舛添国務大臣 いろいろ私の仕事をおもんぱかっていただいて、ありがとうございます。

 やはり、土曜日、日曜日、週末があるというのはありがたいなと。もう金曜日になりますとくたくたになる、しかし、土日、国会を離れリフレッシュする、それで出てきますと、山井先生初め厳しい御質問にもまたお答えする勇気がわいてくるということでございまして、私はやはり、リフレッシュしてさらに働くぞ、さらに頑張るぞと。だから、やはり一週間に一遍、これはキリスト教で安息日なんといいますけれども、イスラム教でも同じように金曜日にはお休みとかありますけれども、人類が働いているときに、一週間に一遍ぐらい休むべきだなというのが経験則で出てきたんじゃないかと思いますので、これは絶対に不可欠であるということをまず断言しておきたいと思います。

 その上で、今の、時間ごとに有給休暇をとれるというのは、これは特に働いている女性なんかから、例えば、きょうは朝三時間とる、そうすると子供の送り迎えができるな、ちょっと家事もできるなというようないろいろな御要望を賜ったものですから、五日間を限度として時間単位でとる。つまり、せっかく有給休暇がある、これを日にち単位でとらなきゃだめだというんだと、ちょっと使い勝手が悪い。

 ですから、有給休暇をさらに有効に活用できるようなための仕組みということで、皆様方の御要望におこたえして入れたものでありまして、有給休暇ということの発想、根源、それから休暇の重要さ、こういうものにいささかも反するものではございませんので、その点は強調しておきたいと思います。

園田(康)委員 そうしますと、休暇本来の趣旨は離れることはないということであろうというふうに思っております。

 ただ、今、例えば朝の家事も少しある、あるいはお子さんを幼稚園に送っていかなければいけない、あるいは急に熱が出たというような形もあろうかというふうに思います。それはそれぞれ理由が出てくるのかなというふうに思っておりますが、そうした場合に、先ほど申し上げた休暇、例えばフランスの場合は、大臣も御承知のとおり、夏の期間、バカンスといって一カ月近くの長期、一括的な休暇があり、そしてさまざまな形でリフレッシュを行っていくというのが休暇というものの概念であったわけでありますけれども、それが、この時点で、我が国では法定の一定の要件を満たせば十日から順次取得をすることができるというふうになってきているわけであります。そのうち、今回は五日というふうになっているわけですね。

 そうすると、時間単位で、どうしても今までは日単位でとっていたところが、そのような使い勝手のいいものにしていくということは確認をさせていただきたいんですが、そうしますと、使い勝手がいいからといって、本来の趣旨を変えていってはいけないのではないのかなというふうに私はまず考えております。

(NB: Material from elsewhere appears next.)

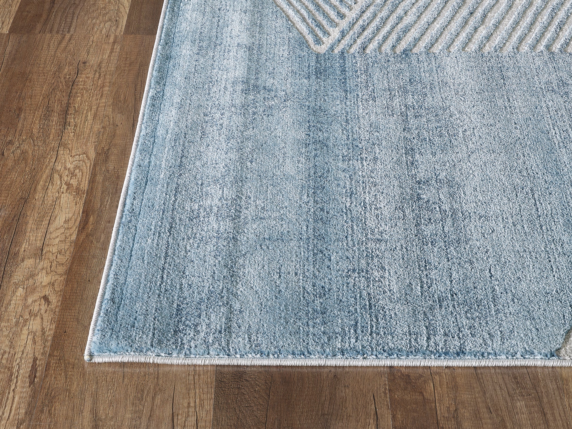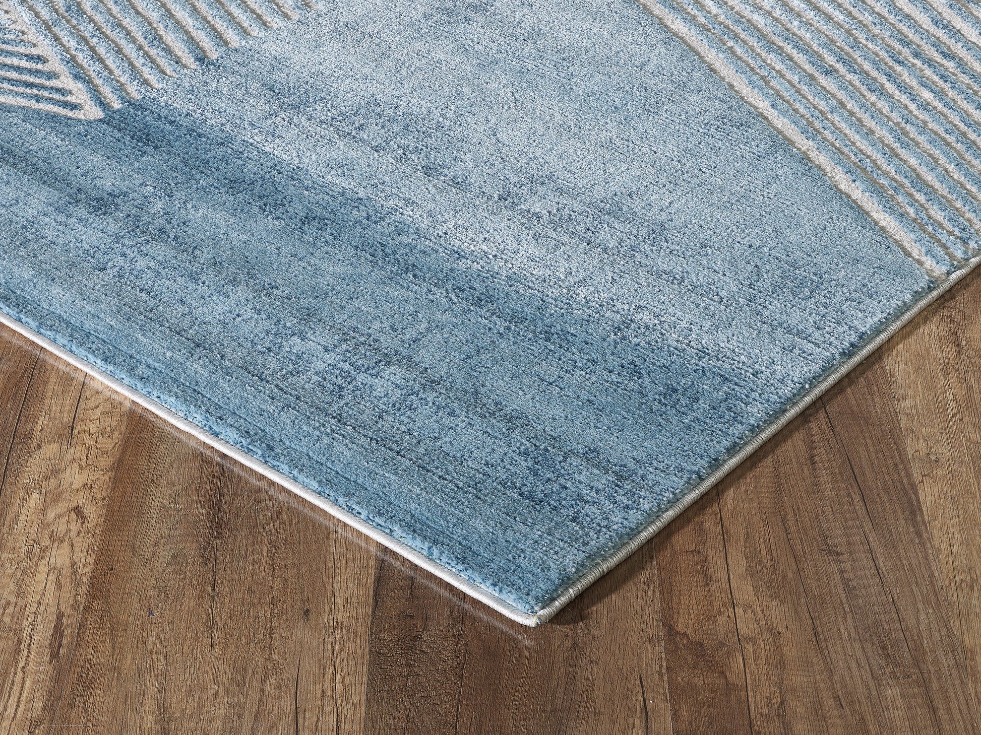 The Vista contemporary geometric area rug features criss-crossing parallel lines across the entire length of the warm blue backdrop. The neutral ivory color of the parallel lines is reminiscent of a warm day at the beach, bringing this relaxation and charm with it. Like the famous art-deco art style of decades past, this is the perfect addition to any fashion-forward home. The elegant geometric design is perfect for any modern space, whether you use this area rug in your living room, bedroom, or office. The easy-care polypropylene material is ideal even for high-traffic areas of your home, lending a casual elegance.

 したがって、余り時間というものを強調し過ぎると、ちょっと制度の趣旨から外れていくんではないかなという懸念が少しあるんだということだけ私は申し上げておきたいというふうに思っております。

 それで、就労条件総合調査結果の概況というのが先般十月に厚生労働省から発表されておりまして、その中で、労働者一人の平均年次有給休暇の取得状況というのが発表されておるわけでありますけれども、さまざまな形で年休の消化率を高める目的ということで、厚生労働省もさまざまな施策を打ってきたというふうに私は理解をしております。

 その中で、計画年休の取得のあり方ですとか、施策の中でも工夫をされていらっしゃったということでありますが、今般、まずこの取得率というもの、消化率ですね、これがどのようになっているのかということと、それから今回の改正案で、年休の消化率のアップがどのように結びついていくのかということを少し確認したいと思うんですが、いかがでしょうか。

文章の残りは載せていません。